Anyway poor Joel Kinnaman, in his defense he DOES HAVE some pretty steep acting challenges in this movie, like when he sees his body (such as it is) for the first fucking time after his accident:
All I can say is: YIKES. They turn THAT into a fucking cop? FUCKING GROSS. Truth is that OmniCorp really missed an opportunity here. They should have licensed RoboCop to Vicks for LIKE A BILLION FUCKING DOLLARS because that shit is MASCOT MONEY, PLAYA.
So yeah poor Joel Kinnaman, he needs to be the heart of this movie BUT HE’S ONLY HEAD AND LUNGS LOL. Peter Weller totally held it down in the original movie but Kinnaman can’t do the same, so that duty is passed along to Gary Oldman. Good ol’ Gary Oldman, last seen yelling at CGI apes in Dawn of the Planet of the Apes is now yelling at CGI anatomical nightmares in RoboCop which is my way of saying GARY OLDMAN HAS COME A LONG FUCKING WAY SINCE BRAM STOKER’S DRACULA. Gary Oldman is legitimately great in this stupid fucking movie, he actually makes the whole enterprise of turning a person into a machine something loaded with scientific complexity and moral ambiguity. He’s almost a fucking genius until HE ORDERS THE ENTIRE DETROIT POLICE DATABASE UPLOADED TO ROBOCOP’S BRAIN LIKE 30 FUCKING SECONDS BEFORE HE IS GOING TO BE UNVEILED TO THE GENERAL PUBLIC AT A PRESS CONFERENCE. This is a gigantic asshole move and quite frankly the entire movie went out the fucking window for me at this point. Anyone who is not a fucking retarded idiot knows that the time to make drastic changes to your really fucking important presentation is NOT 30 FUCKING SECONDS BEFORE YOUR REALLY FUCKING IMPORTANT PRESENTATION.

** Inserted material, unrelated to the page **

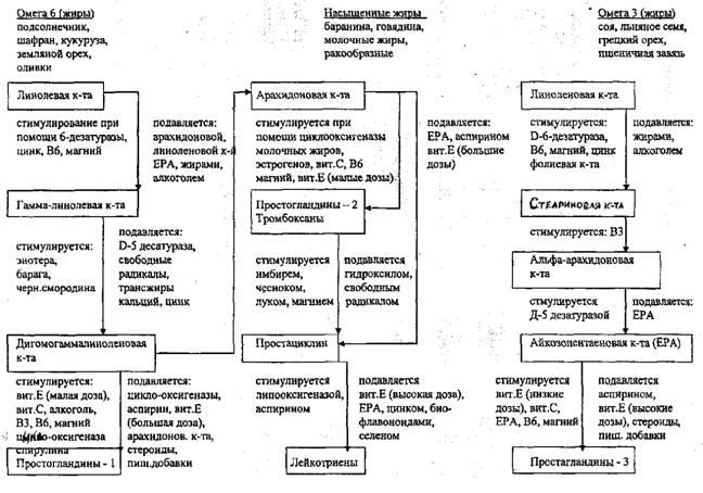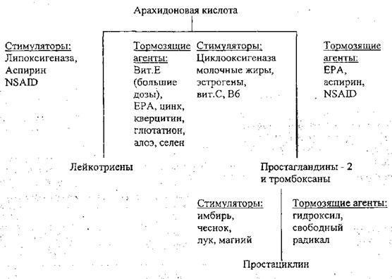 Рис. 31. Нутриенты влияющие на метаболизм арахидоновой кислоты

Everyone, apparently, except Gary Fucking Oldman in RoboCop.
So as usual this movie is loaded with bullshit but it’s also a pretty good watch. You can see it on Netflix and Amazon Prime streaming right now, so NO MORE EXCUSES, YOU BIG PUSSY. My feeling about RoboCop is basically the same as my feeling about losing my virginity: WELL THAT SHIT COULD HAVE BEEN A LOT WORSE.